Austan Goolsbee, president of the Federal Reserve Bank of Chicago, suggested that the economy appears to be on what he calls the “golden path,” another term for what economists often term a “soft landing,” in which the Fed would curb inflation without ...
WASHINGTON — Austan Goolsbee, president of the Federal Reserve Bank of Chicago, suggested Monday that the economy appears to be on what he calls the “golden path,” another term for what economists call a “soft landing,” in which the Fed would curb inflation without causing a deep recession.
“Any time we’ve had a serious cut to the inflation rate, it’s come with a major recession," Goolsbee said in an interview with The Associated Press. “And so the golden path is a… bigger soft landing than conventional wisdom believes has ever been possible. I still think it is possible.”
At the same time, he cautioned: «I haven’t moved so far as to say that that’s what my prediction is.”
Goolsbee declined to comment on the likely future path for the Fed's key short-term interest rate. Nor would he say what his thoughts were about the timing of an eventual cut in interest rates.
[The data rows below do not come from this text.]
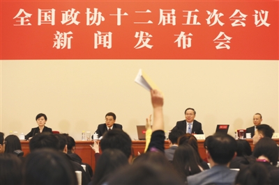 昨日,全国政协十二届五次会议新闻发布会,新闻发言人王国庆(右二)介绍本次大会有关情况并回答记者提问。新京报记者 侯少卿 摄
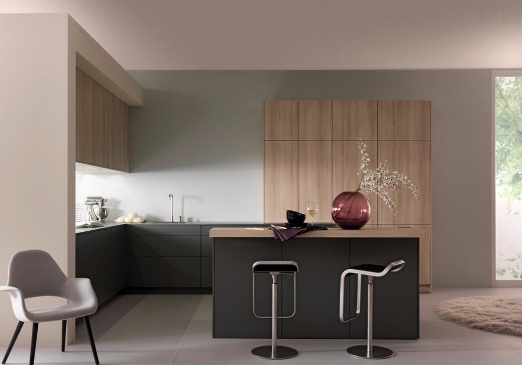 Do not be afraid to experiment, the skillful combination of natural materials and a combination of natural shades will give you the kitchen of your dreams, which will be a special pride.
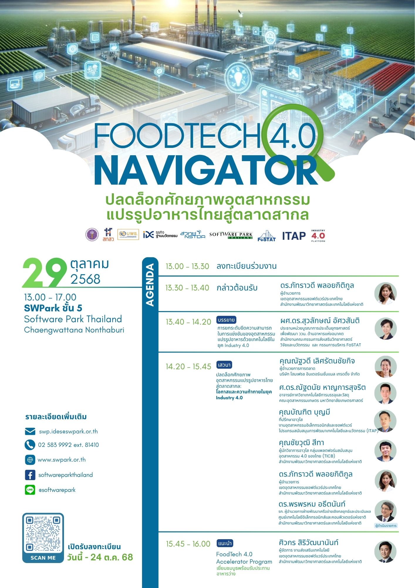 | 21 พ.ย 68 | การประยุกต์ใช้เทคโนโลยีสมัยใหม่สู่อุตสาหกรรม 4.0 | ความรู้เบื้องต้นและกรณีศึกษาด้าน IoT, Big Data Analytics, Cloud Computing, Robotics AI และ Cybersecurity & PDPA ในภาคอุตสาหกรรมอาหาร |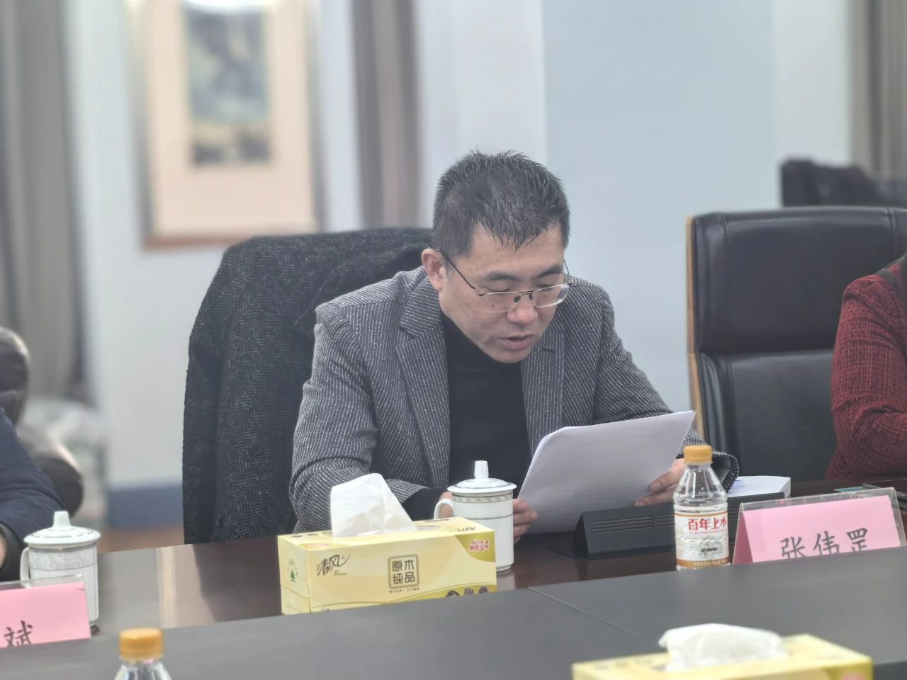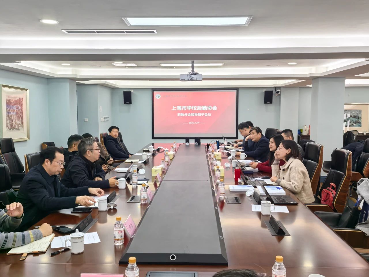 分支机构2024年工作总结及2025年工作务虚会精神、谋划2025年工作,2月27日下午职教分会召开2025年第一次领导班子会议。市教委学校后勤保卫处四级调研员、市协会副秘书长施丽君,职教分会常务副会长周齐佩、副会长兼秘书长张伟罡等分会领导班子成员出席,常务副秘书长李波主持会议。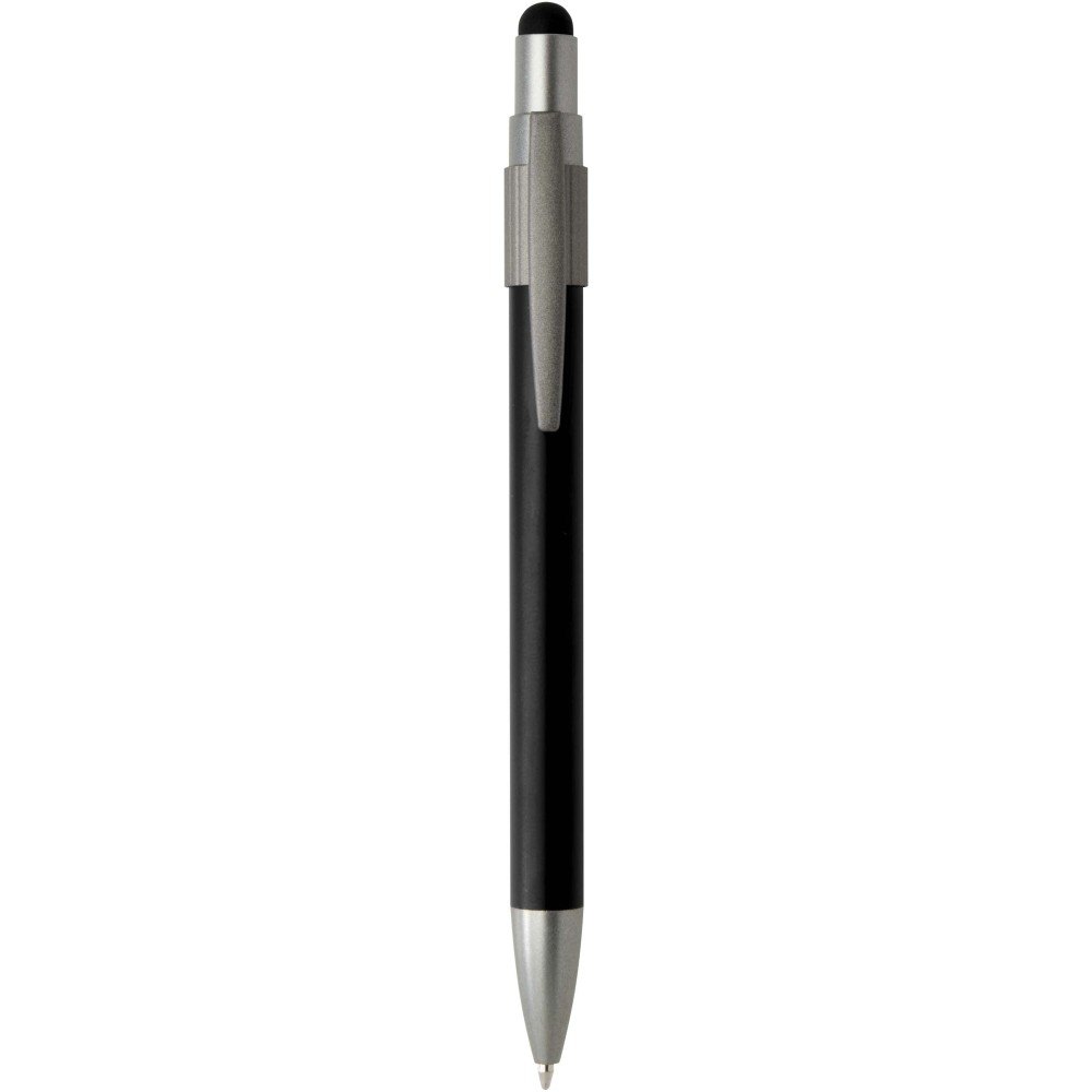Ballpoint pen with stylus and fidget spinner, combining practicality with a playful design. The pen is made from RCS certified recycled aluminium and features a smooth push mechanism and a stylus tip for touchscreen use. A built-in fidget spinner on top adds a stress-relieving touch (just flick to activate). Pen ink colour: black. Writing length: 1000 metres.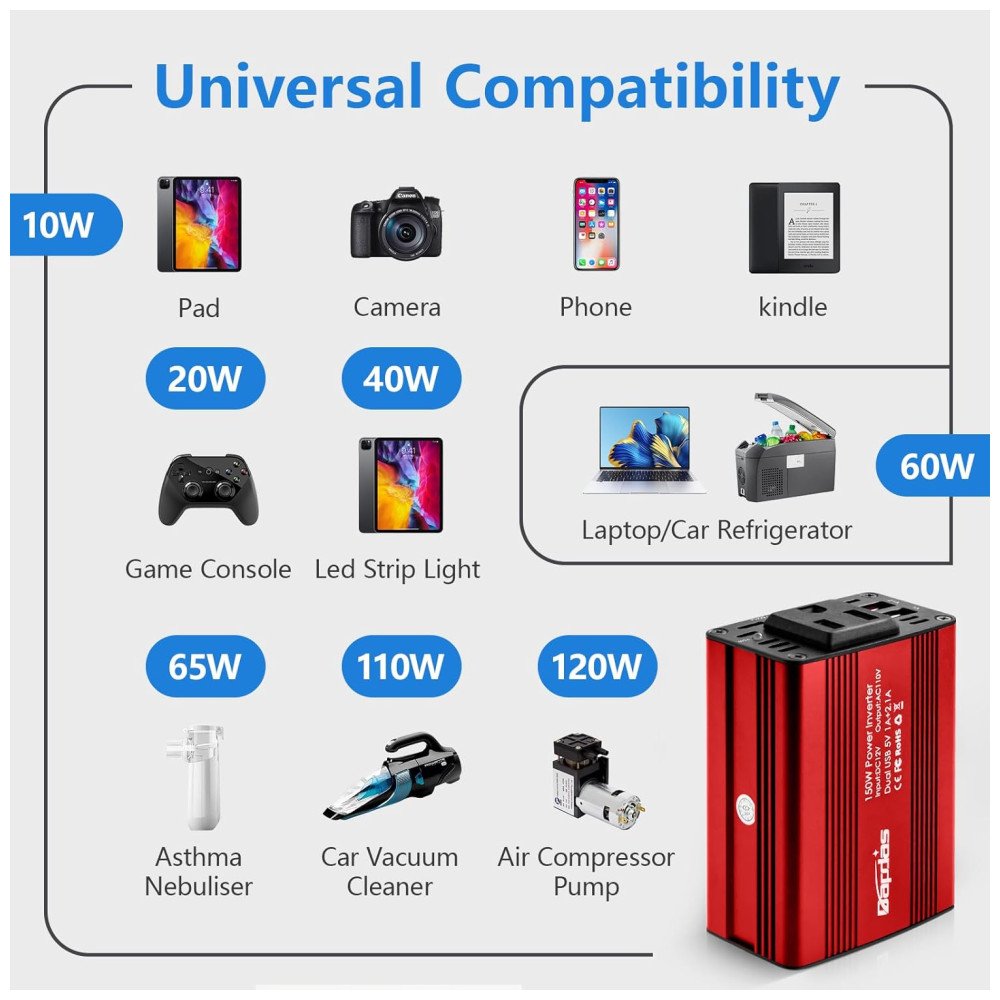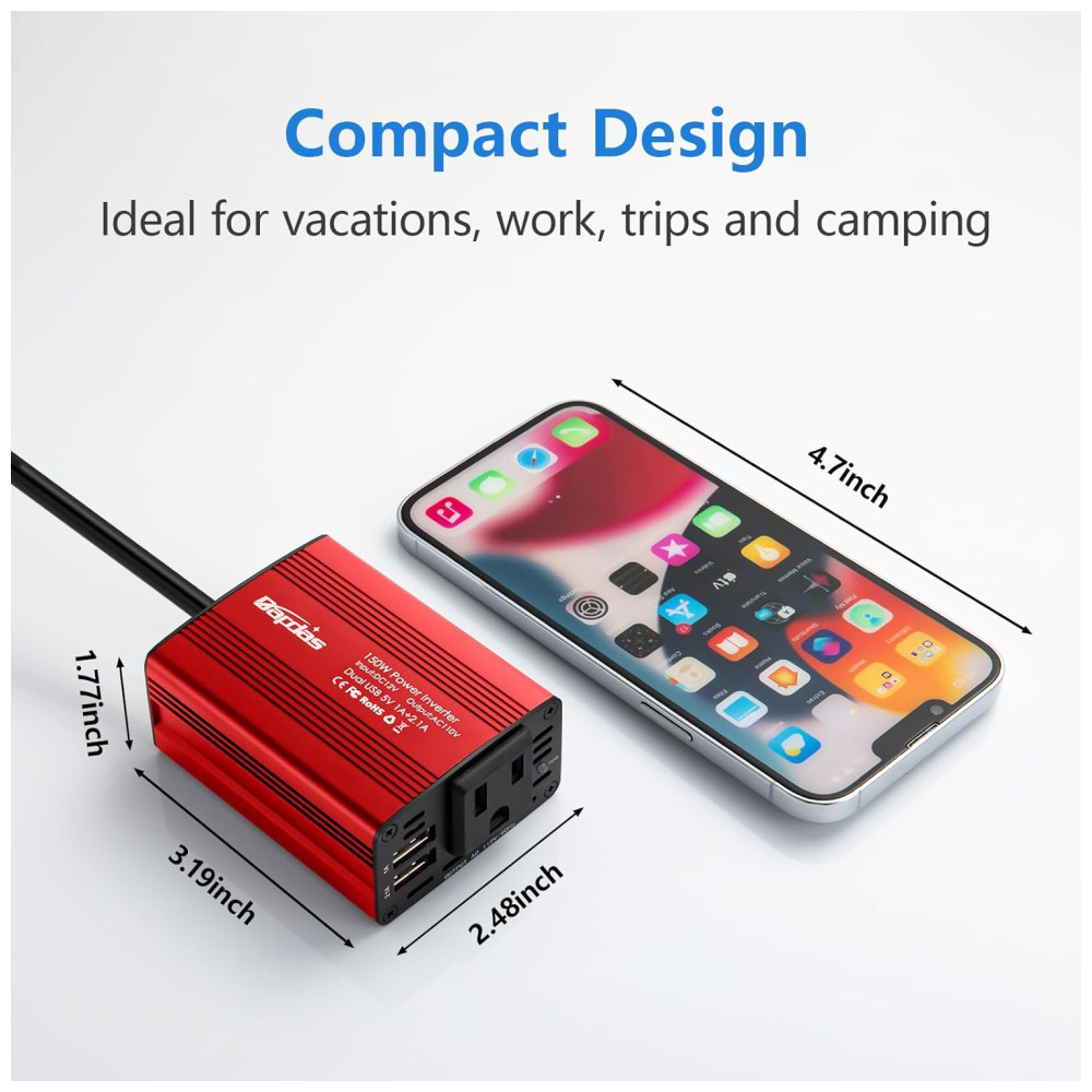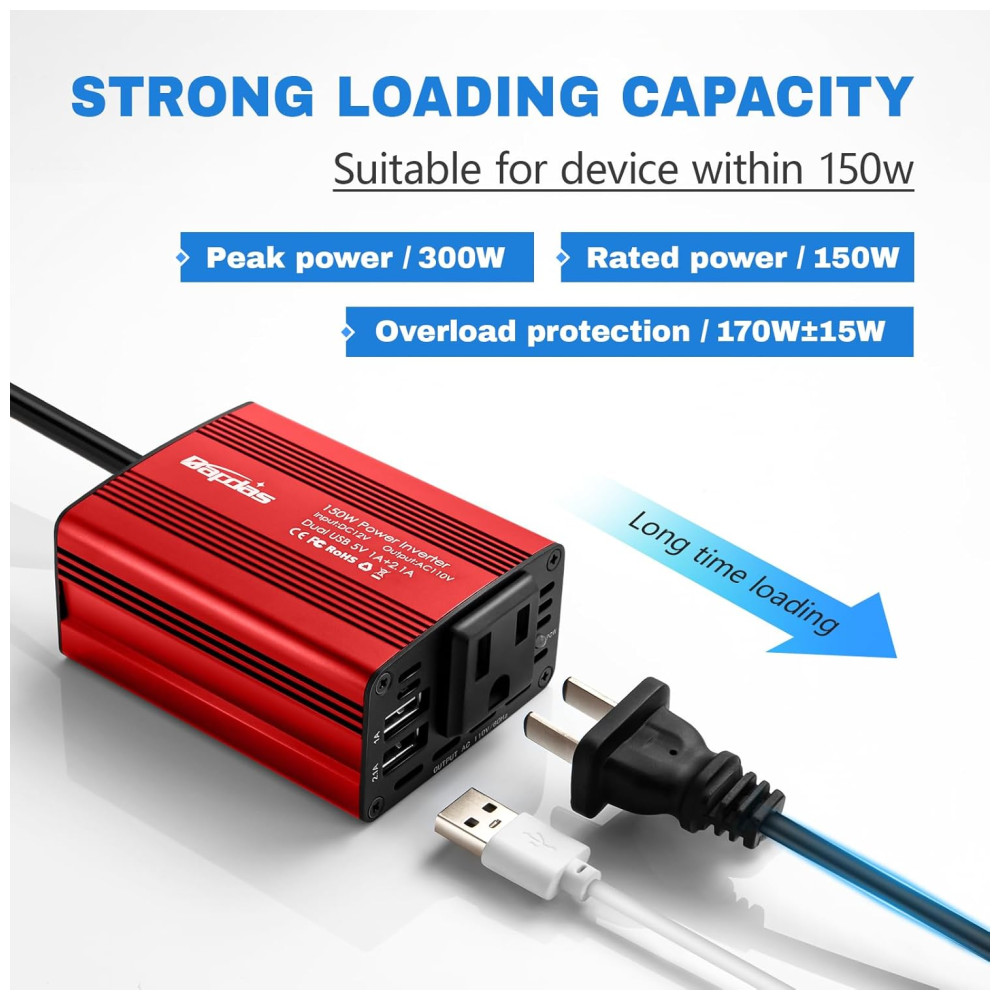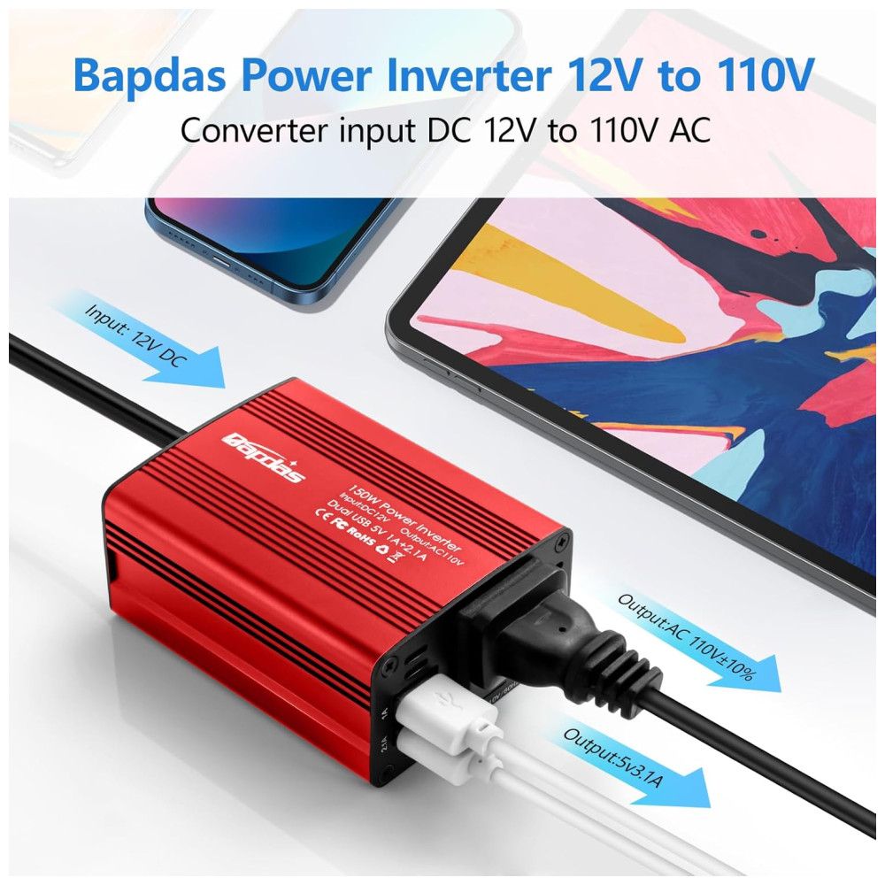 versor de Potência W 12V Para AC 1 Tomada 2 Portas USB 110v BAPDAS BP IN 150 Vermelho

But Goolsbee's optimistic outlook for inflation underscores why analysts increasingly think the Fed's next move will be a rate cut, rather than an increase. Wall Street investors foresee essentially no chance of a rate hike at the Fed's meetings in December or January. They put the likelihood of a rate cut in March at 28% — about double the perceived likelihood a month ago — and roughly a 58% chance of a cut in May.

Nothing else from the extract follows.